Mechanisms of natural killer cell activation by Plasmodium falciparum-infected erythrocytes and influenza vaccine

Abstract

Natural Killer (NK) cells are immune effector cells capable of responding to infected cells through cytotoxic activity and production of pro-inflammatory cytokines. In recent years there has been increasing interest in studying how vaccine- or pathogen-induced antibodies promote NK cell responses to pathogens through the immunoglobulin G receptor CD16. The initial work described in this thesis uses imaging flow cytometry to examine the ability of human NK cells to interact with erythrocytes parasitised with the human malaria parasite Plasmodium falciparum (PRBCs).
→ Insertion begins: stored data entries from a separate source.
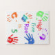 Paint Handprints Birthday with Personalized Name Jigsaw Puzzle
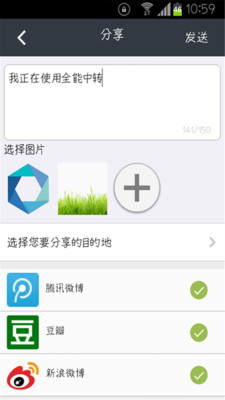 通过全能中转,您可以很容易的添加分享到很多app到您的移动应用。不论是苹果的iOS平台或者Android,应用互通让您的应用插上分享的翅膀。
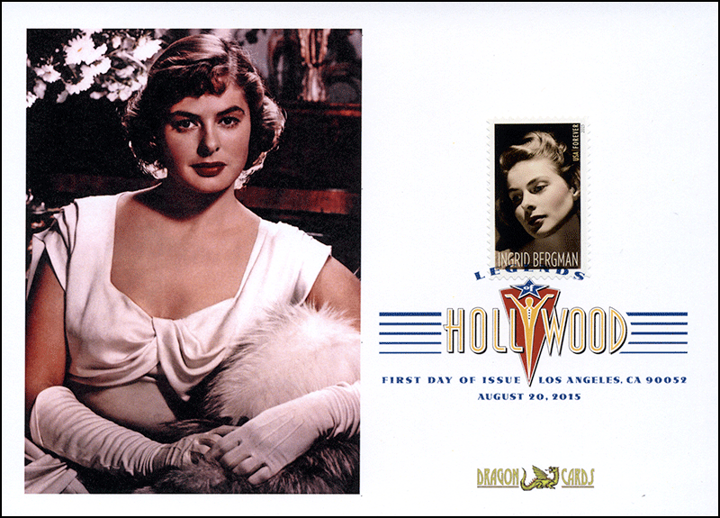 Sc. 5012 Ingrid Bergman on a 5”x7” Dragon Card reproducing a glamorous publicity photo. Digital Color Postmark. Great for a movies-, films- or Hollywood-on-stamps collection!
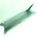 This Mini Rectangular flap bag is in light green lambskin with light gold tone hardware and has a front flap with signature CC turnlock closure, rear half moon pocket, top handle and single interwoven light green leather and light gold tone chain link shoulder/crossbody strap.
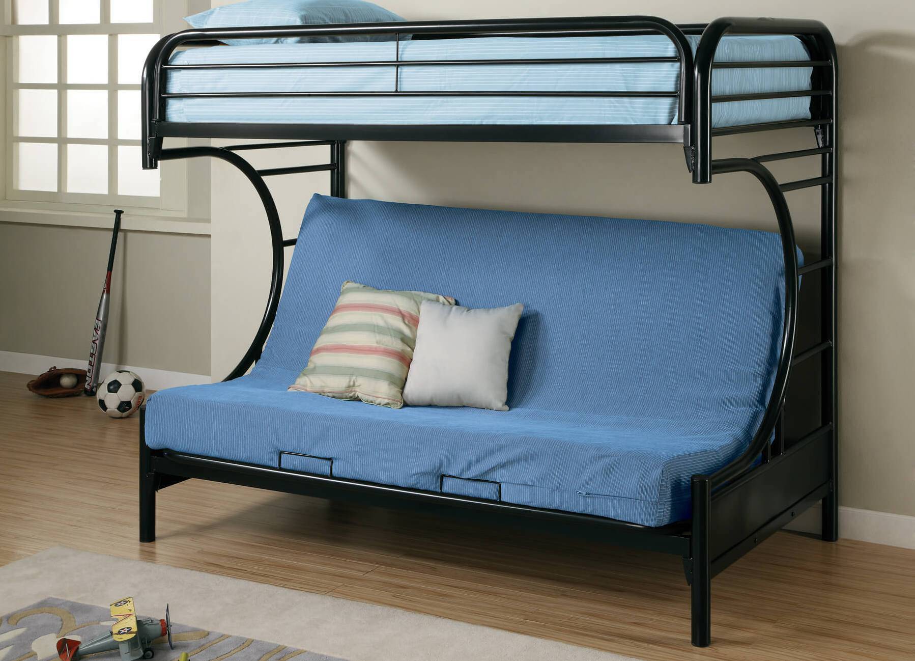 Если семье с двумя детьми приходится жить в одной комнате, которая одновременно служит и гостиной, и спальней, то спасательным кругом становится двухъярусная модель, которая складывается в комфортный и вместительный диван.
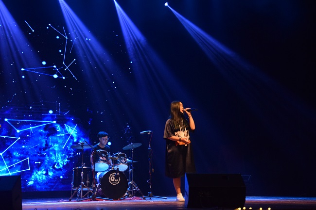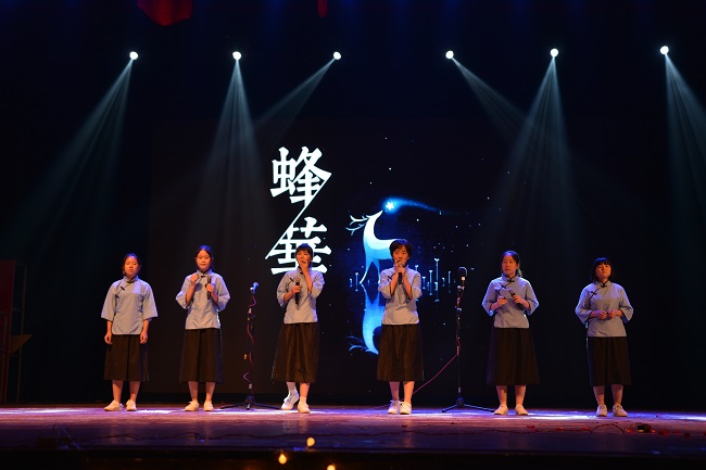 晚会的第一篇章“放蕊,创即新生”在唯美的《Viva la Vida》器乐演奏中拉开序幕。由院舞蹈队带来的舞蹈《Drops+Good Time》韵律十足、活力四射,赢得观众阵阵掌声。话剧《一切都好》将每一个人的校园成长经历搬上舞台,让毕业生们重新回味了大学生活的酸甜苦辣,弹幕墙上也是频频滚动着“韶华易逝,珍惜青春”的感慨。解彦玲和梁孟达同学合唱的《男孩》与郭睿老师演唱的《小镇姑娘》更是将晚会的第二篇章“共舞,勤是品格”推向一个又一个的高潮。一曲唱毕,董博龙同学的《噗哧脱口秀》与1418乐队的深情演绎让在场观众沉醉不已,一扫离别之愁。第三篇章“蜜恋,耕耘为本”用吴德峰老师带来的京剧《野猪林》表现了老师们的多才多艺;《武术表演》表现了当代大学生的青春活力;校合唱团的《City Of Stars》展现出同学们的独特魅力。晚会的第四篇章“归巢,蜂音不辍”以礼模走秀、歌曲串烧、树叶吹奏等多种形式为在场观众带来视听盛宴,彰显了大学生的青春活力。

Although several limitations of this technology became apparent, I was able to establish that conjugates between NK cells and PRBCs form within 30 minutes of co-incubation and persist for up to 3 hours. PRBCs were observed forming conjugates with both CD56bright and CD56dimCD57+ NK cells. The role of antibody in promoting NK cell responses via CD16 was then assessed in two models. Firstly, an in vitro model using NK cells and plasma from individuals vaccinated with trivalent influenza vaccine was used to establish assay conditions and to investigate the mechanisms by which CD16 is downregulated after antibody-dependent activation. In this model, I have shown that influenza antigen-antibody complexes are able to induce downregulation of CD16 on NK cells, resulting in degranulation. These antibody dependent functions are more potent in highly differentiated CD56dimCD57+ NK cells. Using imaging flow cytometry, I have also shown that downregulation of CD16 after ligation is due to shedding of the molecule from the surface of the NK cell, rather than through a process of internalisation. Secondly, I established an in vitro system to investigate the impact of antibody on NK cell responses to PRBCs in Gambian and UK resident individuals. This study also assessed the contributions of different NK cell differentiation subsets to these responses. I have shown that NK cells are able to mount a robust antibody-dependent response to PRBCs, involving production of IFN-γ and degranulation. I have also shown that NK cells vary in their responsiveness to antibody stimulation, with ‘adaptive’ FceRIγ- and ‘differentiated’ CD57+ NK cells demonstrating enhanced responses to anti-malarial antibodies. Finally, I have shown that the cytokines interleukin 12 and interleukin 18 contribute to the anti-malarial antibody-dependent response in certain NK cell subsets, as does ligation of CD2 on the NK cell.